FIrst approach to zettelkasten and doubts
Hello everyone,
I'm approaching to zettelkasten as a fiction and non-fiction writer. I like the concept of linking and permanent information storing, but I would like to know if the method I'm going to implement zettelkasten is a working one.
I usually take a ton of notes from narrative non-fiction books I read: story ideas, research etc... Those should be considered "literature notes" in the context of zettelkasten. I find it confusing having these notes in a single file, so I split them by topic or anecdote. But I don't like to have my computer crammed with tons of files. When I read a new book on the same topic, rather than creating new notes and linking them, I tend to group the notes I already have with new notes who adds info to the same topic or details to the same anecdote. Still, I keep a reference to the original source (in the form of citation).
To better explain what I do:
- I read a book about a writer and I take a note on an episode of his life (which we'll call NOTE 1).
- Another episode of his life goes to a different note (NOTE 2) in the same folder.
- I read another book and I find some detail on the same episode as NOTE 1. I don't create a new note but I add it to NOTE 1 and eventually add a citation for the new source.
- I read a book about a chemist and I take a note about one of his discoveries in the specific folder of that book/project. It isn't directly related to the episode of NOTE 1, but I think linking them can bring to a new perspective. I create NOTE 3 and link NOTE 1 and NOTE 3.
Is that a good practice, or is it better to have a single file for the notes coming from a book, then different super short notes for concepts I want to keep from each book?
Howdy, Stranger!
Comments
It might be a good idea to read some of the blog posts that describe the Zettelkasten method. There is a ton of information there which will help you clarify your ideas. I just posted the link to the first blog in another thread: https://zettelkasten.de/posts/zettelkasten-improves-thinking-writing/
To have one file per "idea" seems to be easier to grok.

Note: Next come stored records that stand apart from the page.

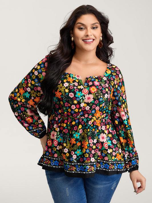 Floral Print Contrast Webbing Notched Neckline Blouse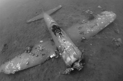 wreck of a Zero fighter. The wreck of The Zero rests on a sandy bottom in 14 meters (45ft) of water in the shelter of Wangore Bay, north of Walindi. This World War II Japanese fighter is well presented and almost completely intact, and has been brought to life again by the shrimp, nudibranchs and pipefish that have made this wreck their home – there’s even an anemone populated with pink anemone fish sitting just behind the cockpit.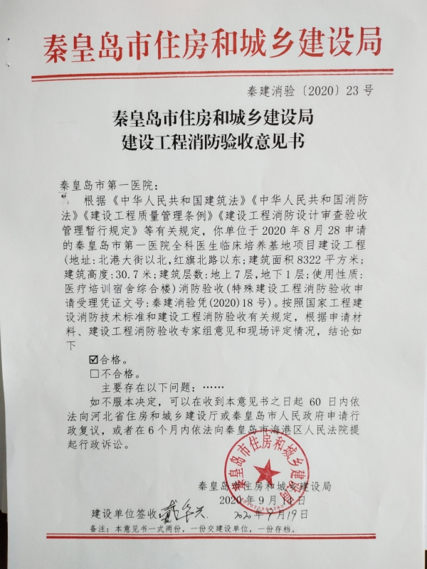 秦建消验﹝2020﹞23号建设工程消防验收意见书(秦皇岛市第一医院全科医生临床培养基地项目)

Having many files on your computer is not a technical problem for any semi-modern computer (meaning anything built within the last 30 years; there are files-per-folder limits on old DOS drives that could be reached, but the hard limits are irrelevant for any disk that was created in the past decades). So I wonder: where does your dislike stem from?
Theoretically, you could have 1 file for everything and then just scroll up/down or use the search function to navigate between parts of that single, long file. But that's not very practical, either.
Author at Zettelkasten.de • https://christiantietze.de/
Thanks. I've read the posts suggested by MartinBB and read Ahrens' Book and I realized I'm implementing zettelkasten properly. Anyway, I've discovered that what I believed to be literature notes are just permanent notes in my implementation.